_DIRECTIONS_. From the entries below, reproduce exactly the line containing "1030分第二场是发展对象和", the line containing "This outdoor wood", and every line in between, with nothing added.

_INFORMATION GIVEN_.
•••••

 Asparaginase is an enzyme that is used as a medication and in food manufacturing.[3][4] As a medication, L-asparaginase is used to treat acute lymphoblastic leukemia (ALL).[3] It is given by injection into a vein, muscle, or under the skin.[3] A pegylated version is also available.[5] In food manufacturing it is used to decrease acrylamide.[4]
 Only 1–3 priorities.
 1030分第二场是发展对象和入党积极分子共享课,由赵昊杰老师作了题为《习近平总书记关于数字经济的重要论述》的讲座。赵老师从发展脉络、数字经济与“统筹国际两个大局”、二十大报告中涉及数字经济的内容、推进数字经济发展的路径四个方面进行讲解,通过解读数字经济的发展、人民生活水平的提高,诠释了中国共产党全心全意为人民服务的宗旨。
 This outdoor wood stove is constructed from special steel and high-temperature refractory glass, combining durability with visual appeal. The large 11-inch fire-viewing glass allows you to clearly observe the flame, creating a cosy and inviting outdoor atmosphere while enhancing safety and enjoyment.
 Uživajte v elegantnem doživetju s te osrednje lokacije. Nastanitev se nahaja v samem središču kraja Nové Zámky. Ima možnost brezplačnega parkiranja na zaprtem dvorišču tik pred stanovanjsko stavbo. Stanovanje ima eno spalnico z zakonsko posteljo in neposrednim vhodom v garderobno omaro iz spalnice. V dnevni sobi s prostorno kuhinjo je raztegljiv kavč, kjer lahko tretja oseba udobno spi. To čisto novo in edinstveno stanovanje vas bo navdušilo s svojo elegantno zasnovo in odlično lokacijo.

•••••

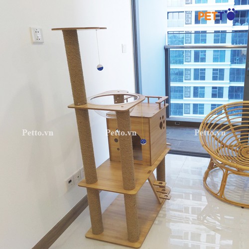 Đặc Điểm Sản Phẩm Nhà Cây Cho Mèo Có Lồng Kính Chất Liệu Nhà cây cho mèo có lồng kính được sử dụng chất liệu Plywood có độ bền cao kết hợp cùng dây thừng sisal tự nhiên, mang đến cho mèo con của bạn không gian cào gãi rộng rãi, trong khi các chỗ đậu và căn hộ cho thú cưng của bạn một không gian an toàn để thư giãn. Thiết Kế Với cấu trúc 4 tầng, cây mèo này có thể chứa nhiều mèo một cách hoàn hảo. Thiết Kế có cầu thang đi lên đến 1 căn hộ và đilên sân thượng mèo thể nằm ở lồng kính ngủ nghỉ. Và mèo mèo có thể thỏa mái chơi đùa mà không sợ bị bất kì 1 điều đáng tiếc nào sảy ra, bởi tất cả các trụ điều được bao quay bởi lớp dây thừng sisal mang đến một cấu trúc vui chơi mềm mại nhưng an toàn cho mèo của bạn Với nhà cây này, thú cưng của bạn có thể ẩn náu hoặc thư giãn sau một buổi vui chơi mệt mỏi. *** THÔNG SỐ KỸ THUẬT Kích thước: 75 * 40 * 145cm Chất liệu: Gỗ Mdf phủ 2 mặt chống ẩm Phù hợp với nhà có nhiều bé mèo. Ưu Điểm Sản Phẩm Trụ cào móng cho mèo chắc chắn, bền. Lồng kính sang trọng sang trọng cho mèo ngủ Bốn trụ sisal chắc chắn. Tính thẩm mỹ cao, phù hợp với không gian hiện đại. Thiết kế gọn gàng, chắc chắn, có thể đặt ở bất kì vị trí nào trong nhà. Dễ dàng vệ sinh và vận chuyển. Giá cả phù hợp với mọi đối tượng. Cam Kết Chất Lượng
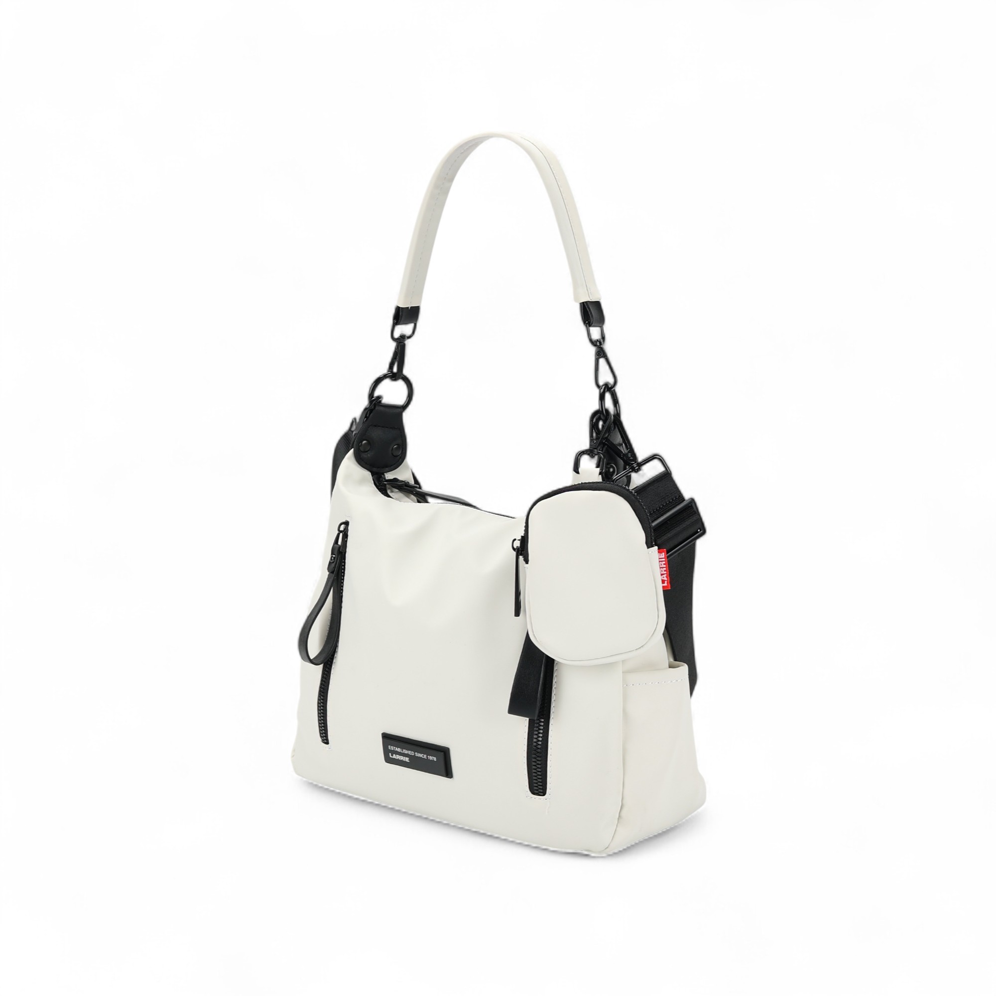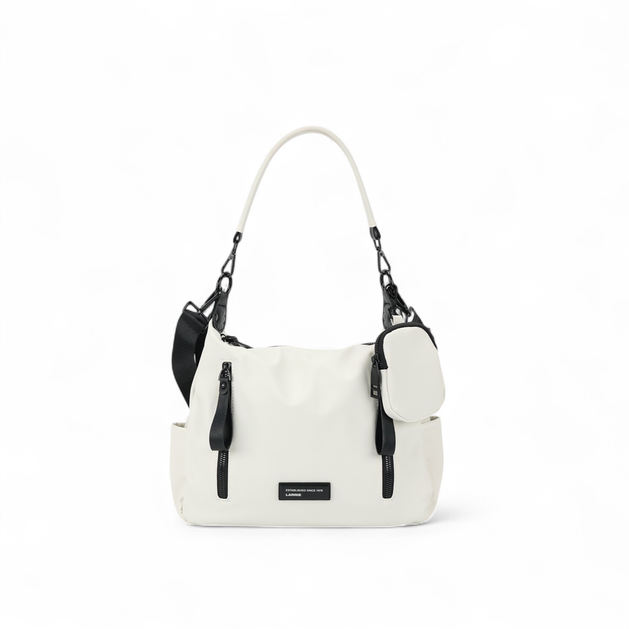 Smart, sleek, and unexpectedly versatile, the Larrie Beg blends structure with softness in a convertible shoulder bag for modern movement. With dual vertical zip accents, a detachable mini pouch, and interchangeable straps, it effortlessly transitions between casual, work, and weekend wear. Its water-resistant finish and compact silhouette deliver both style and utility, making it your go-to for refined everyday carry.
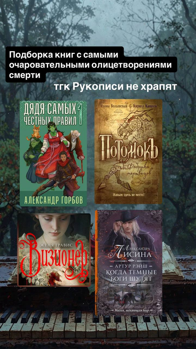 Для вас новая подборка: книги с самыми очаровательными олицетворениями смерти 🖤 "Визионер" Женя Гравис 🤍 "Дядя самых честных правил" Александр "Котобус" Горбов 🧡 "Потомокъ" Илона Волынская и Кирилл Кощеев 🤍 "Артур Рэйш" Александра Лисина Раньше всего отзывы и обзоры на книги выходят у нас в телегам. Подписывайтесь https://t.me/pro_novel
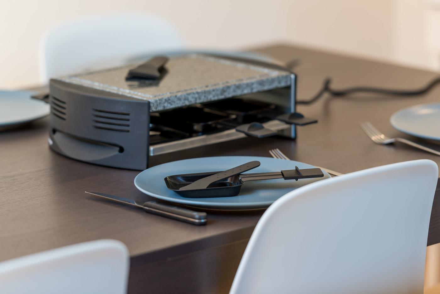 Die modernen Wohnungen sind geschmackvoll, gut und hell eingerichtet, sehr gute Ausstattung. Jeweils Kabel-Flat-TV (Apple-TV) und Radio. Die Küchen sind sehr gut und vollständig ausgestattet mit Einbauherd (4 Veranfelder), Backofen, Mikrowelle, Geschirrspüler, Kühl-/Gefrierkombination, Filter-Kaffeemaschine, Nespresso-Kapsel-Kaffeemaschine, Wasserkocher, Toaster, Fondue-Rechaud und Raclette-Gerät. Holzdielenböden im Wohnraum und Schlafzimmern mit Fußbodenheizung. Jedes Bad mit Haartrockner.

•••••

_RESULT FOR THIS TASK_.
 1030分第二场是发展对象和入党积极分子共享课,由赵昊杰老师作了题为《习近平总书记关于数字经济的重要论述》的讲座。赵老师从发展脉络、数字经济与“统筹国际两个大局”、二十大报告中涉及数字经济的内容、推进数字经济发展的路径四个方面进行讲解,通过解读数字经济的发展、人民生活水平的提高,诠释了中国共产党全心全意为人民服务的宗旨。
 This outdoor wood stove is constructed from special steel and high-temperature refractory glass, combining durability with visual appeal. The large 11-inch fire-viewing glass allows you to clearly observe the flame, creating a cosy and inviting outdoor atmosphere while enhancing safety and enjoyment.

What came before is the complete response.